Posted by fourth one today, Bev. DEATH IN KASHMIR by M.M. Kaye.
Golden Age Girls and Lethal Locations.
Added my first review for "cherchez le homme". Sherwood King's "Between Murders".
Ooof, sorry I didn't do the name thing right. It's been a bit of a crazy time lately, and we all know I ain't right to begin with :)
Just posted my first "golden age girls" review.
I've just put up my review of Pamela Branch's LION IN THE CELLAR. Branch is one of the authors I selected for my "Persons of Interest" theme.
My third decade for the Deadly Decades theme is Edgar Wallace's 1917 thriller, "The Secret House." It's sheer fun, with the action moving so fast the reader doesn't have time to realize how far-fetched the story is. Full review at ClassicMysteries.
Week four, and the roaring 20s. This week's entry: "The Mysterious Affair at Styles," by Agatha Christie, first published in 1920. It was her first novel and the first to feature Hercule Poirot. Full review at Classic Mysteries.
I just posted a review of an engrossing historical mystery, set during the Rangaku in Japan, with a clever inverted plot at its core.

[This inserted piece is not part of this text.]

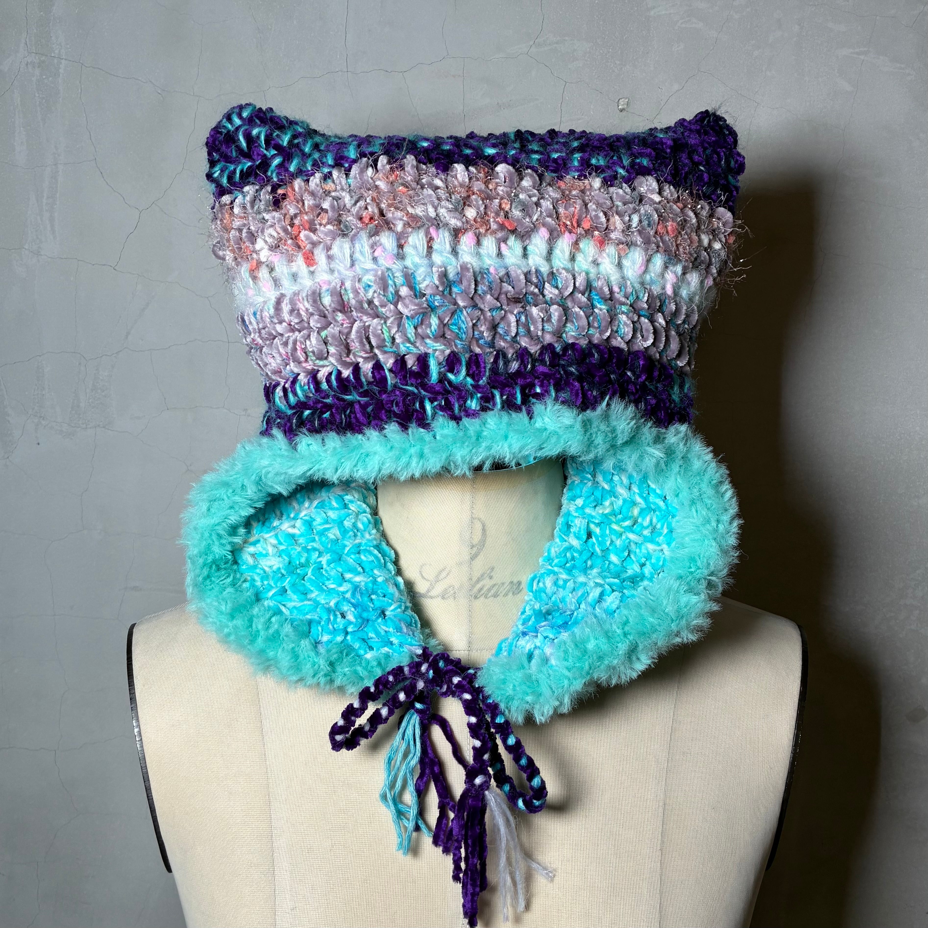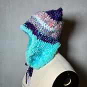 色んな毛糸をMIXして耳当てつきの猫耳ニットキャップを編みました。

Full review of Bertus Aafjes' Een lampion voor een blinde (A Lantern for the Blind).
I've just posted the links to my second and third read for the challenge. Going great!
I've added the link for my review of "An Oxford Tragedy" by J.C. Masterman.
The link I provided earlier (#61) goes only to the book cover. I've added the correct link to the review at #64.
For the "Deadly Decade" of the 1940s this week, I offer a review of Elizabeth Daly's "Any Shape or Form." It's a classic puzzle-plot type of mystery and one of Daly's best (she was said to be Agatha Christie's favorite American author). It's #69 above, or at Classic Mysteries.
My review of WHO KILLED THE CURATE? by Joan Coggins is up at #70 above. Goodness, there are going to be lots of links when we're through with this challenge.
@Carol: I know! It would have been a much more compact and tidier list if I hadn't mysteriously programmed the thing to ask for a thumbnail picture. I don't know how that happened and I haven't been able to undo it. I figure at this point we'll just have to go with it....I don't want to lose anybody's entry.
Bev, I have a question. Would a book like The Floating Admiral count for my short story challenge. It's one novel, but each chapter is written by a different author (13 authors in all).
Have added my latest review - The Grand Babylon Hotel by Arnold Bennett. Theme - Location
Hi Bev - just added my review of TH White DARKNESS AT PEMBERLEY, another excellent Golden Age mystery set at Cambridge University.
Thanks for looking after us.
Sergio
@Ryan: As long as it fit a theme and is pre-1960, then, yes, it may count.